**** Data shown

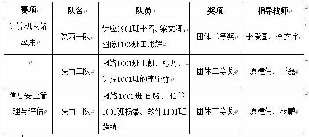 6月27日,在全国职业院校技能大赛中我院三支代表队代表陕西省参赛,分别荣获“计算机网络应用”和“信息安全管理与评估”赛项2个团体二等奖和1个团体三等奖。
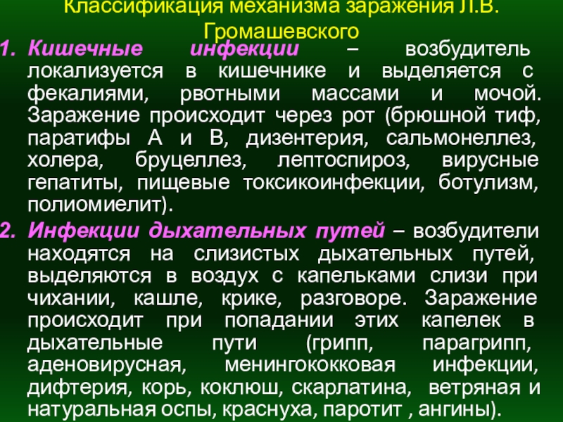 Слайд 24Классификация механизма заражения Л.В.Громашевского
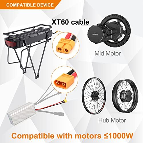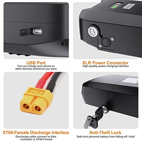 PRODUCT PARAMETER:The 48V 17.5Ah Rear Rack Battery is compatible with 500W 750W 1000W electirc bike motor . The max constant discharge current is 30A . Charger : 54.6V 2A , Discharge : XT60 Female Port . Please confirm that there is screw holes on your rear for for installation BMS PROTECTION:The 48V 17.5Ah Rear Battery is with 30A BMS protection board , which is safe to use . The electric bike battery is designed with over charge , over discharge , over current , short circuit , high temperature , over voltage protection . High quality battery makes your cycling trip without worry DESIGN FEATURE:Featured with a rear rack , you can have more space on the downtube and keep your water bottle . The rear battery is easy to be mounted and remove , and you can charge the battery anywhere and anytime. With a battery lock , you don t need to worry about battery being stolen . A USB port helps you charge your phone outdoors easily . On / Off switch button and indicator light make battery using safer and save more power HIGH END QUALITY:Every lithium battery has passed QC appearance and function test before shipment . The ebike battery charge cycles exceeds 1000 times GLOBAL STOCK & CUSTOMER SERVICE:Delivery will be on time and faster than the ETA on Amazon. If there is any problem with inventory, we will message you, please keep an eye of your Amazon inbox. We have professional techs in USA providing you with technical support . Responsible & patient customer service, no worry about after-sales at all. How to get touch us on Amazon: Help & Settings Customer Service
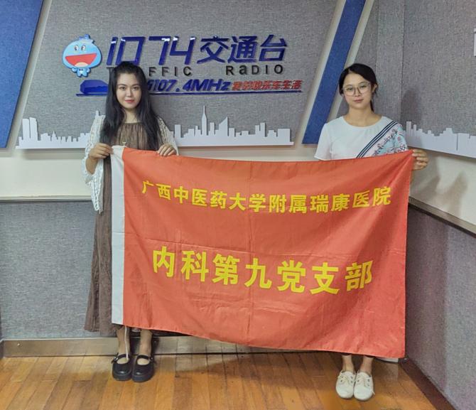 健康中国,科普先行。7月10日, 内科第九党支部李锦颜同志参加南宁1074交通台《健康南宁》节目,科普三伏天中医养生知识,并回答听众们的问题,将中医养生知识传播给大众。
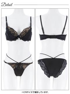 【3点セット】レース育乳脇高ブラジャー&バック透けフルバック&Tバック
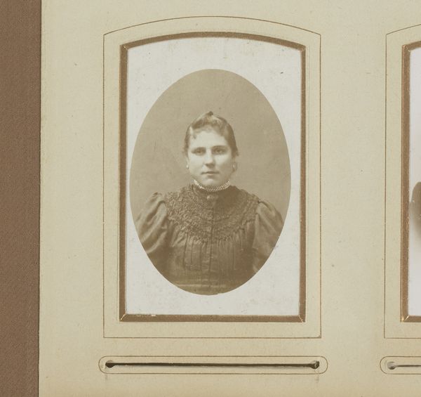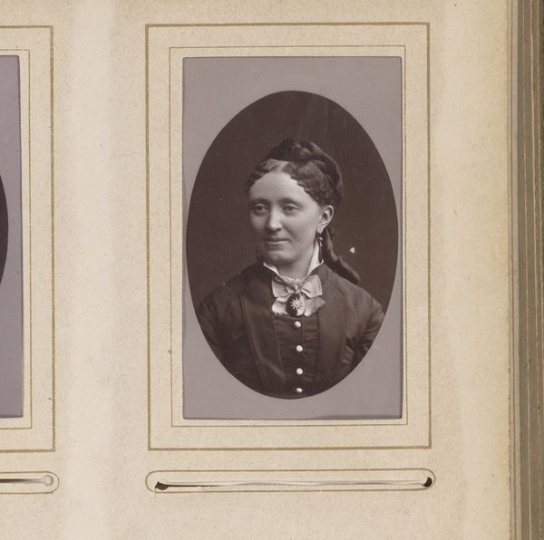 This is a photographic portrait of a woman with a necklace and medallion, made by Johannes Leonardus van der Heijden. Photography in the 19th century was a fascinating blend of science, craft, and social practice. The image itself would have been created through a complex chemical process, involving light-sensitive materials and careful development techniques. Beyond the technical expertise required, portrait photography like this was also deeply embedded in the social and economic fabric of the time. It offered a way for individuals to record their likeness and project a desired image to the world. The woman's attire, her necklace, and even the pose she strikes, all contribute to a carefully constructed representation of identity and status. It's important to remember that photographs like this were not simply neutral records of reality; they were carefully crafted objects that reflected the values and aspirations of both the sitter and the society in which they lived. Paying attention to these aspects helps us move beyond simply seeing a picture, and instead, understanding it as a cultural artifact with layers of meaning.
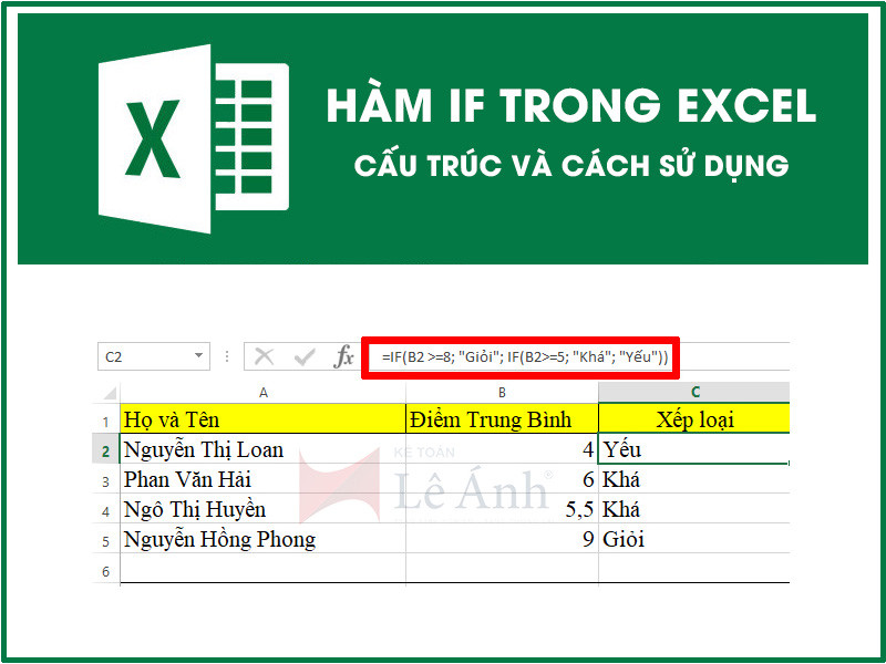 Hàm IF là một hàm phổ biến và thường được dùng trong Excel, hàm này trả về kết quả theo...
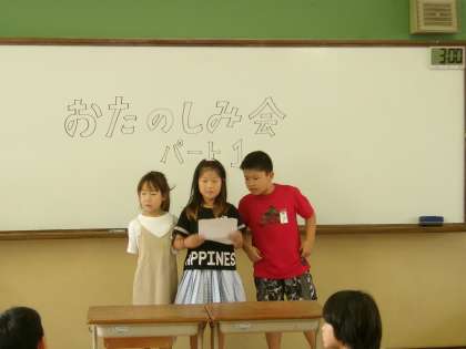 1学期終了まであと少し。もう少しで夏休みということで、ドリルの仕上げに頑張っている2年生。今日は初めてのお楽しみ会をしました。「お楽しみ会やってみ隊」の3名がリードして司会進行をしてくれました。みんな嬉しく興奮していたのでなかなか司会の言葉が届かず苦労していたところもありましたが、話し合って決めてくれた音楽でいす取りゲーム、ストップゲームを楽しみました。続きは明日です。明日も楽しみですね♪
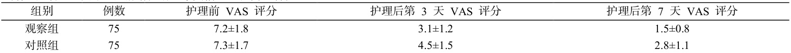 护理前,两组患者 VAS 评分无显著差异( P>0.05 ),具有可比性。护理后第 3 天,观察组 VAS 评分为( 3.1±1.2 )分,对照组为( 4.5±1.5. )分;护理后第 7 天,观察组 VAS 评分为( 1.5±0.8 )分,对照组为( 2.8±1.1 )分。经独立样本 t 检验,护理后第 3 天和第 7 天,观察组 VAS 评分均显著低于对照组( P<0.05 ),说明中医护理技术能有效减轻创伤患者疼痛程度。见表 2
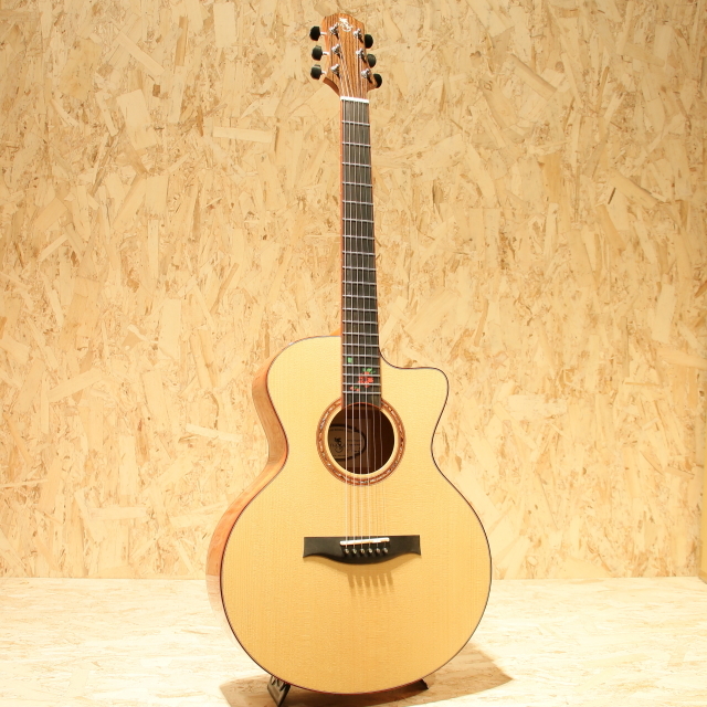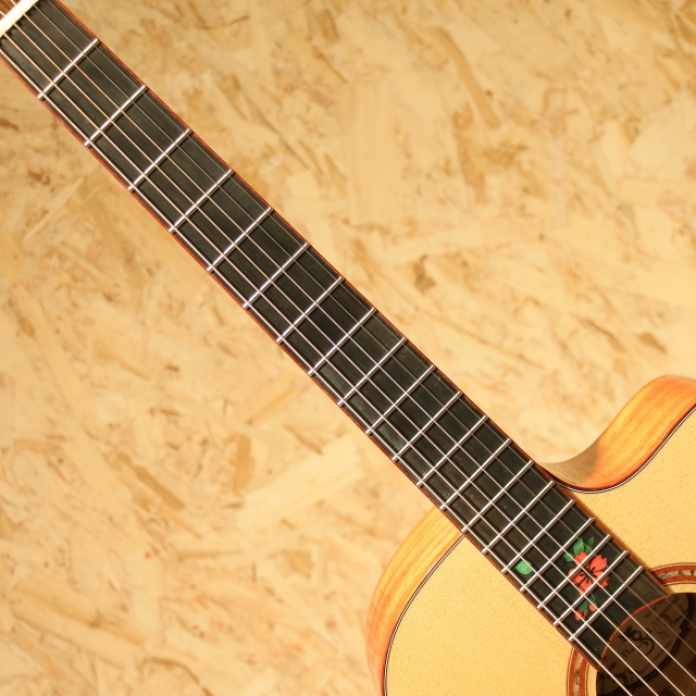 岸部眞明、押尾コータロー、チョン・スンハなどと共に、フィンガースタイル・ギター市場の発展に貢献し続けてきたプロのフィンガースタイル・プレイヤー”フアン・チア・ウェイ”。彼の理想とする『リーズナブルでプレイヤーがいつも最高のパフォーマンスを発揮できるクオリティと美しい音色を備えたギター』をつくるため、”品質と演奏性・音色の良し悪しを判断できるトップ・プレイヤー”、”高い品質のギターを製作する手工ブランドの製作家”、そして”彼らの高い要求を形にできる生産工場”と協力し、『Naga Guitars』を設立。現在Nagaの信念は高く評価され、今も多くのプレイヤーに支持されています。本器は日本が世界に誇るフィンガースタイル・プレイヤー”岸部眞明”氏と、世界有数のギター製作家”増田明夫”氏(Water Road Guitar)が監修するHANA SERIES。岸部氏の高い要求を増田氏が『Naga Guitars』の為に、一から設計・デザインし現地にて製品チェックから検品まで行った特別なシリーズです。オリジナルのスモールジャンボボディ、シトカスプルーストップ、マホガニーサイド&バック、マホガニーネック、エボニー指板&ブリッジ、スキャロップドナット、WaterRoadデザインドXXブレーシング、カッタウェイ仕様。岸部氏がメインで使用している"Water Road Guitar"。個人製作ブランド故の製作本数の少なさや価格の高さから、憧れながらも手に取ることが難しいブランドの一つです。その製作を行う増田氏の設計やデザインをメーカー製として落とし込み、比較的リーズナブルな価格で本シリーズは製作されています。シリーズ名にもなっている「花」は岸部氏を代表する曲名を基としています。オリジナルの指板インレイ、HANA Inlayは桜からインスピレーションを得た独創的なデザイン。高級感を感じられる華やかな印象のルックスです。サウンドホールロゼッタにはアバロンが使用されており高級感が際立ちます。ネック自体やや薄めに成形されており、細やかなフレーズでの演奏をサポート。ソロギターを演奏する際に滑らかな運指をすることが出来ます。ジャンボボディを若干小ぶりなサイズにし、バランスや立ち上がりを整えたスモールジャンボボディシェイプ。低音成分が出やすく音が広がりやすいのが特徴です。内部構造のXXブレーシングは増田氏監修の設計。トップ面の強度を上げ、音のバランスや音の立ち上がり速度を向上させるとともに繊細なトーンを作りだしています。その特性から深く響きながら前に出すぎない低音成分、華やかで繊細な高音成分、粒立ちの良い芯のある実音成分とが合わさって出てきます。倍音も多く含まれており、音に包まれながら心地よく演奏が出来ます。やはり拘りの詰まっているところからソロギターで活躍、演奏したい1本。岸部氏の曲を演奏したくなります。弾いた際の響き方も含め一級手工ギターの感覚やエッセンスを随所に感じさせてくれます。ソロギター界の重鎮とタッグを組むルシアーのこだわりを詰め込まれた1本。そのクオリティの高さを是非ご体感下さい。岸部氏のサインがプリントされたオリジナルのハードケースが付属します。
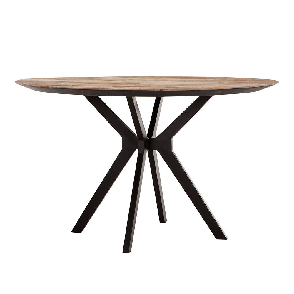 Eettafel Metropole is gemaakt van teakhout en heeft een metalen frame in boemerang vorm, dit zorgt voor een industriele uitstraling.
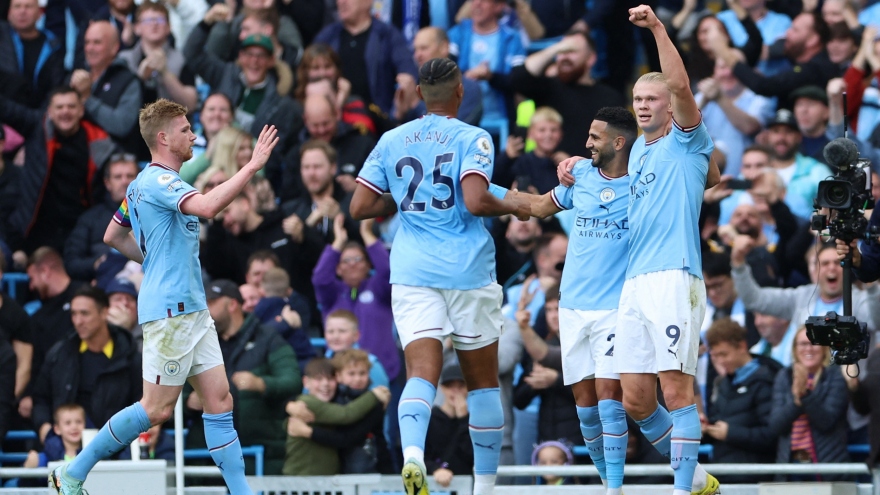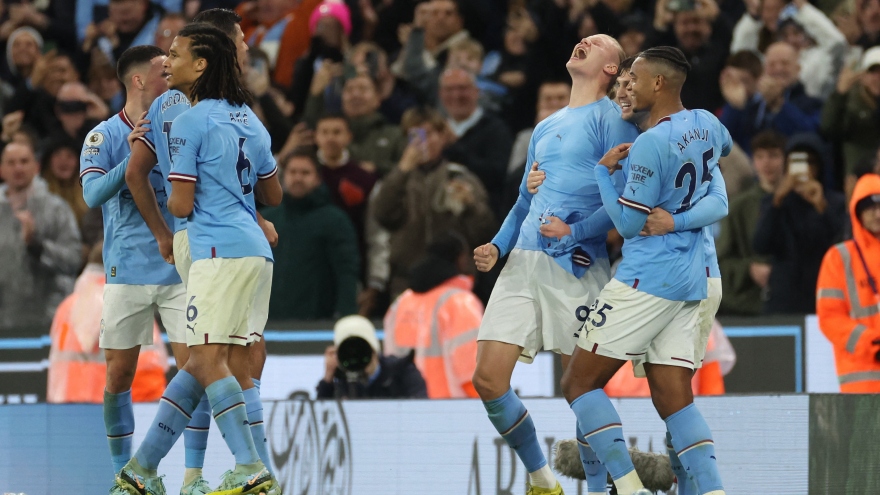 VOV.VN - Man City giành thắng lợi 2-1 trước Fulham trên sân nhà nhờ pha lập công trên chấm phạt đền ở phút 90'+5 của Haaland trong trận đấu mà đội chủ nhà chỉ còn 10 người trên sân từ phút 26.

********

▶ _Exercise description_
The answer should be an exact restatement of every entry, with the pictures omitted.

▶ _Answer to the problem_
 6月27日,在全国职业院校技能大赛中我院三支代表队代表陕西省参赛,分别荣获“计算机网络应用”和“信息安全管理与评估”赛项2个团体二等奖和1个团体三等奖。
 Слайд 24Классификация механизма заражения Л.В.Громашевского
 PRODUCT PARAMETER:The 48V 17.5Ah Rear Rack Battery is compatible with 500W 750W 1000W electirc bike motor . The max constant discharge current is 30A . Charger : 54.6V 2A , Discharge : XT60 Female Port . Please confirm that there is screw holes on your rear for for installation BMS PROTECTION:The 48V 17.5Ah Rear Battery is with 30A BMS protection board , which is safe to use . The electric bike battery is designed with over charge , over discharge , over current , short circuit , high temperature , over voltage protection . High quality battery makes your cycling trip without worry DESIGN FEATURE:Featured with a rear rack , you can have more space on the downtube and keep your water bottle . The rear battery is easy to be mounted and remove , and you can charge the battery anywhere and anytime. With a battery lock , you don t need to worry about battery being stolen . A USB port helps you charge your phone outdoors easily . On / Off switch button and indicator light make battery using safer and save more power HIGH END QUALITY:Every lithium battery has passed QC appearance and function test before shipment . The ebike battery charge cycles exceeds 1000 times GLOBAL STOCK & CUSTOMER SERVICE:Delivery will be on time and faster than the ETA on Amazon. If there is any problem with inventory, we will message you, please keep an eye of your Amazon inbox. We have professional techs in USA providing you with technical support . Responsible & patient customer service, no worry about after-sales at all. How to get touch us on Amazon: Help & Settings Customer Service
 健康中国,科普先行。7月10日, 内科第九党支部李锦颜同志参加南宁1074交通台《健康南宁》节目,科普三伏天中医养生知识,并回答听众们的问题,将中医养生知识传播给大众。
 【3点セット】レース育乳脇高ブラジャー&バック透けフルバック&Tバック
 This is a photographic portrait of a woman with a necklace and medallion, made by Johannes Leonardus van der Heijden. Photography in the 19th century was a fascinating blend of science, craft, and social practice. The image itself would have been created through a complex chemical process, involving light-sensitive materials and careful development techniques. Beyond the technical expertise required, portrait photography like this was also deeply embedded in the social and economic fabric of the time. It offered a way for individuals to record their likeness and project a desired image to the world. The woman's attire, her necklace, and even the pose she strikes, all contribute to a carefully constructed representation of identity and status. It's important to remember that photographs like this were not simply neutral records of reality; they were carefully crafted objects that reflected the values and aspirations of both the sitter and the society in which they lived. Paying attention to these aspects helps us move beyond simply seeing a picture, and instead, understanding it as a cultural artifact with layers of meaning.
 Hàm IF là một hàm phổ biến và thường được dùng trong Excel, hàm này trả về kết quả theo...
 1学期終了まであと少し。もう少しで夏休みということで、ドリルの仕上げに頑張っている2年生。今日は初めてのお楽しみ会をしました。「お楽しみ会やってみ隊」の3名がリードして司会進行をしてくれました。みんな嬉しく興奮していたのでなかなか司会の言葉が届かず苦労していたところもありましたが、話し合って決めてくれた音楽でいす取りゲーム、ストップゲームを楽しみました。続きは明日です。明日も楽しみですね♪
 护理前,两组患者 VAS 评分无显著差异( P>0.05 ),具有可比性。护理后第 3 天,观察组 VAS 评分为( 3.1±1.2 )分,对照组为( 4.5±1.5. )分;护理后第 7 天,观察组 VAS 评分为( 1.5±0.8 )分,对照组为( 2.8±1.1 )分。经独立样本 t 检验,护理后第 3 天和第 7 天,观察组 VAS 评分均显著低于对照组( P<0.05 ),说明中医护理技术能有效减轻创伤患者疼痛程度。见表 2
 岸部眞明、押尾コータロー、チョン・スンハなどと共に、フィンガースタイル・ギター市場の発展に貢献し続けてきたプロのフィンガースタイル・プレイヤー”フアン・チア・ウェイ”。彼の理想とする『リーズナブルでプレイヤーがいつも最高のパフォーマンスを発揮できるクオリティと美しい音色を備えたギター』をつくるため、”品質と演奏性・音色の良し悪しを判断できるトップ・プレイヤー”、”高い品質のギターを製作する手工ブランドの製作家”、そして”彼らの高い要求を形にできる生産工場”と協力し、『Naga Guitars』を設立。現在Nagaの信念は高く評価され、今も多くのプレイヤーに支持されています。本器は日本が世界に誇るフィンガースタイル・プレイヤー”岸部眞明”氏と、世界有数のギター製作家”増田明夫”氏(Water Road Guitar)が監修するHANA SERIES。岸部氏の高い要求を増田氏が『Naga Guitars』の為に、一から設計・デザインし現地にて製品チェックから検品まで行った特別なシリーズです。オリジナルのスモールジャンボボディ、シトカスプルーストップ、マホガニーサイド&バック、マホガニーネック、エボニー指板&ブリッジ、スキャロップドナット、WaterRoadデザインドXXブレーシング、カッタウェイ仕様。岸部氏がメインで使用している"Water Road Guitar"。個人製作ブランド故の製作本数の少なさや価格の高さから、憧れながらも手に取ることが難しいブランドの一つです。その製作を行う増田氏の設計やデザインをメーカー製として落とし込み、比較的リーズナブルな価格で本シリーズは製作されています。シリーズ名にもなっている「花」は岸部氏を代表する曲名を基としています。オリジナルの指板インレイ、HANA Inlayは桜からインスピレーションを得た独創的なデザイン。高級感を感じられる華やかな印象のルックスです。サウンドホールロゼッタにはアバロンが使用されており高級感が際立ちます。ネック自体やや薄めに成形されており、細やかなフレーズでの演奏をサポート。ソロギターを演奏する際に滑らかな運指をすることが出来ます。ジャンボボディを若干小ぶりなサイズにし、バランスや立ち上がりを整えたスモールジャンボボディシェイプ。低音成分が出やすく音が広がりやすいのが特徴です。内部構造のXXブレーシングは増田氏監修の設計。トップ面の強度を上げ、音のバランスや音の立ち上がり速度を向上させるとともに繊細なトーンを作りだしています。その特性から深く響きながら前に出すぎない低音成分、華やかで繊細な高音成分、粒立ちの良い芯のある実音成分とが合わさって出てきます。倍音も多く含まれており、音に包まれながら心地よく演奏が出来ます。やはり拘りの詰まっているところからソロギターで活躍、演奏したい1本。岸部氏の曲を演奏したくなります。弾いた際の響き方も含め一級手工ギターの感覚やエッセンスを随所に感じさせてくれます。ソロギター界の重鎮とタッグを組むルシアーのこだわりを詰め込まれた1本。そのクオリティの高さを是非ご体感下さい。岸部氏のサインがプリントされたオリジナルのハードケースが付属します。
 Eettafel Metropole is gemaakt van teakhout en heeft een metalen frame in boemerang vorm, dit zorgt voor een industriele uitstraling.
 VOV.VN - Man City giành thắng lợi 2-1 trước Fulham trên sân nhà nhờ pha lập công trên chấm phạt đền ở phút 90'+5 của Haaland trong trận đấu mà đội chủ nhà chỉ còn 10 người trên sân từ phút 26.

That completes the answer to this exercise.